The development of pyrosequencing technologies (in particular 454 sequencing) has contributed to total sequence information available for several multicellular organisms. In the case of maize, a single GS20–454 run with cDNA amplified from shoot apical meristems of inbred line B73 resulted in ~261,000 ESTs that were sufficient to annotate more than 25,000 genomic sequences . A similar approach was used to demonstrate that 454-based transcriptome sequencing of inbred lines allows high-throughput acquisition of gene-associated single nucleotide polymorphisms (SNPs) . More recently, large-scale sequencing of 3'-UTR regions was used to resolve the expression of gene families, allowing a frequent distinction between alleles and gene family members . Although these studies have demonstrated the value of large-scale pyrosequencing technologies when applied to the analysis of specific maize transcriptomes, an in-depth estimation of the overall transcriptional universe found at a specific developmental stage had not been previously carried out.
We performed 4 consecutive GS20–454 pyrosequencing runs of a single cDNA library obtained from seedlings of Palomero Toluqueño collected 2 weeks after germination, and generated the largest collection of maize transcripts corresponding to a single developmental stage. On average we obtained over 37 Mb per run and a total of 152.37 Mb of high quality sequence, and our overall coverage was sufficient to detect transcripts similar to at least 50% of all publically available ESTs present in the UniGene and ZMGI databases. The total number of ZMGI sequences that are represented in our transcript collection increased 14% between the first and the fourth pyrosequencing run; however, the fourth and last run only yielded an increase of 2.59%, indicating that despite the importance of increasing the number of sequencing runs in terms of statistical accuracy, the last run had little contribution to the overall coverage and the discovery of novel transcripts. This percentage is slightly increased when pyrosequencing reads are compared to the MAGI collection, suggesting that MAGIs might have an under representation of rare or low abundant transcripts. This is supported by the fact that increasing the number of 454 sequencing runs shows a significant increase on the number of novel genomic sequences matched with expressed sequence tags, providing expression evidence for such genome regions, which most probably represent genes or transcriptionally active non-coding regions with low levels of expression. Overall, our analysis suggests that 3 consecutive pyrosequencing runs are sufficient to obtain a representation of most of the transcriptome present in Palomero plantlets.
The phenotypic and molecular diversity of maize has been essential to harness important traits for crop improvement. On the basis of landrace germplasm, the activity of modern plant breeders gave rise to inbred lines currently used in hybrid production, causing significant improvements in yield, grain quality, resistance to biotic or abiotic stress, and maturity. A genome wide survey of gene content in B73 and Mo17 revealed that more than 20% of gene fragments examined in allelic contigs were not shared between these 2 inbred lines ; reasonable predictions anticipate that the genomic divergence between 2 landraces is far more important. Our results identified more than 86,000 sequences that represent novel transcripts that are expressed in Palomero plantlets, indicating that a large portion of the intrinsic transcriptional diversity present in native landraces remains to be explored. The discovery of this collection of novel transcripts suggests that many more should be present in different tissues and developmental stages, opening the possibility for large-scale efforts to characterize the transcriptional universe of genetically distinct native landraces.

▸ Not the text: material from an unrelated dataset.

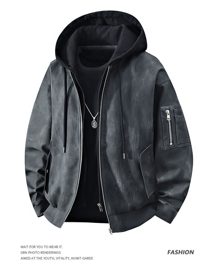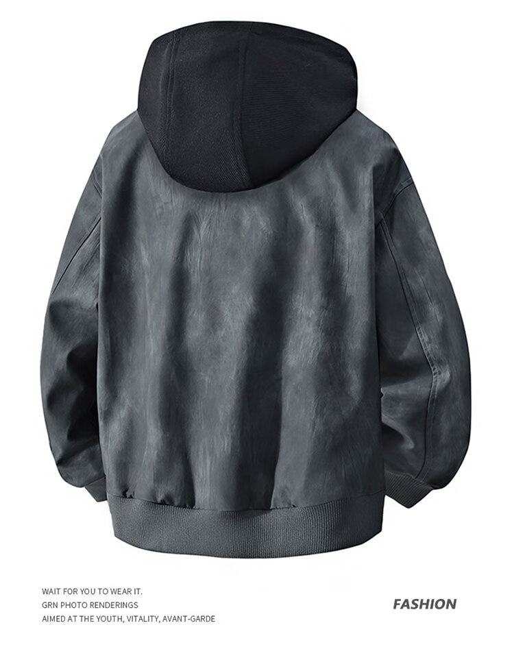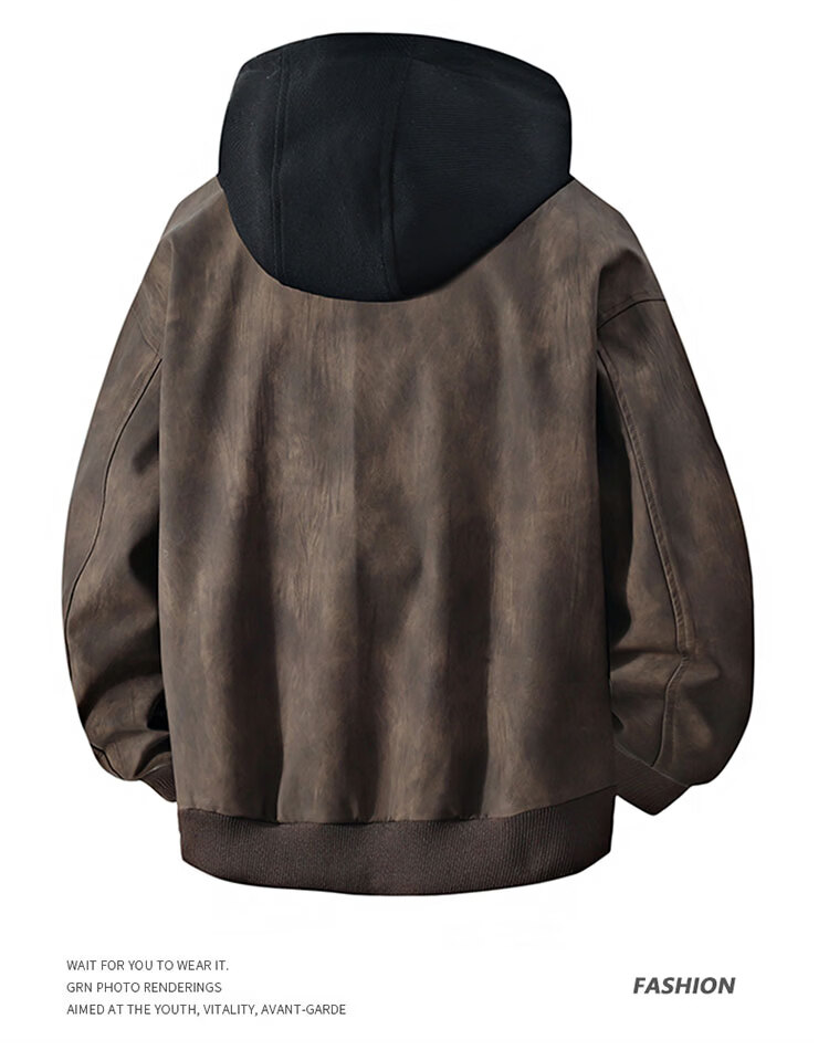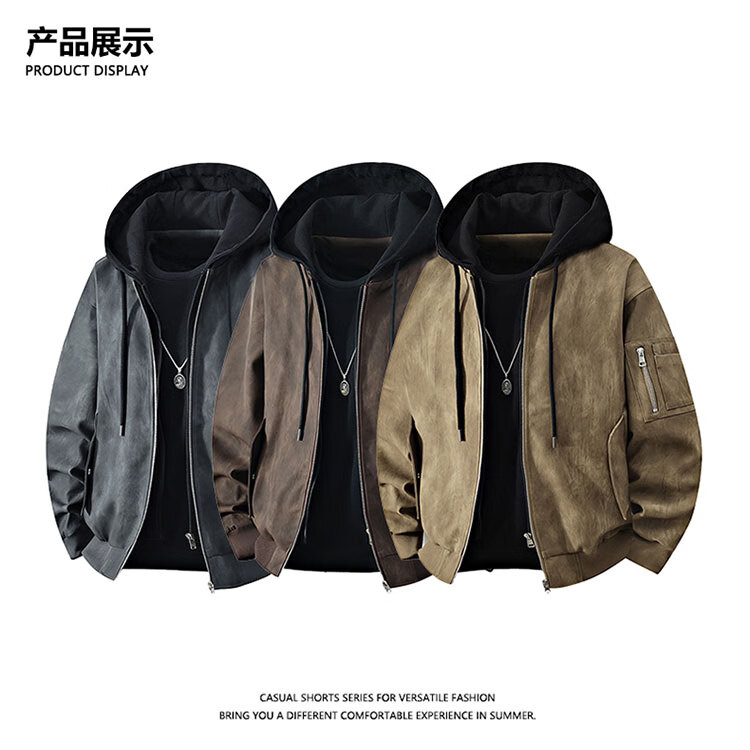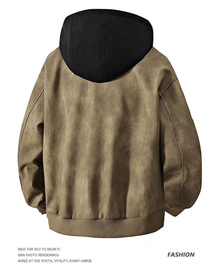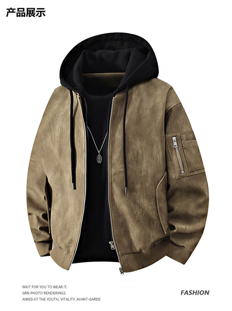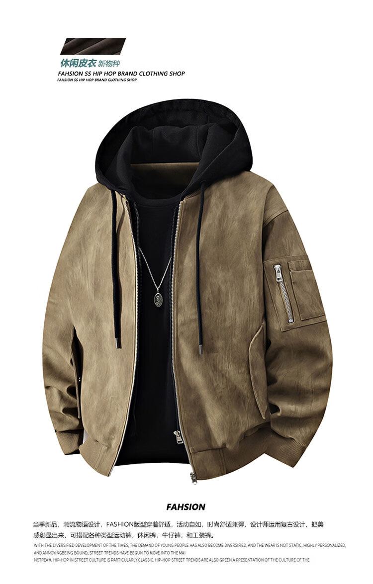 胖东来大码连帽皮衣外套男士春秋季假两件上衣胖东来同款 2578卡其 XL 130150斤

When estimating transcriptional abundance of representative genes, we noticed a direct correlation between the number of reads corresponding to a transcript and its level of expression assessed by qPCR, indicating the possibility that in some transcriptional ranges, deep sequencing of cDNA samples could provide an accurate estimation of transcriptional abundance. It is likely that an increase in the number of pyrosequencing runs could enhance the accuracy of this type of quantitative estimations, as the number of pyrosequencing runs necessary for deep coverage of a given transcriptome will depend on the nature and the complexity of the sample. Overall, our results suggest that a systematic and detailed characterization of gene expression in maize using high-throughput technologies will generate useful information for the understanding of maize biology.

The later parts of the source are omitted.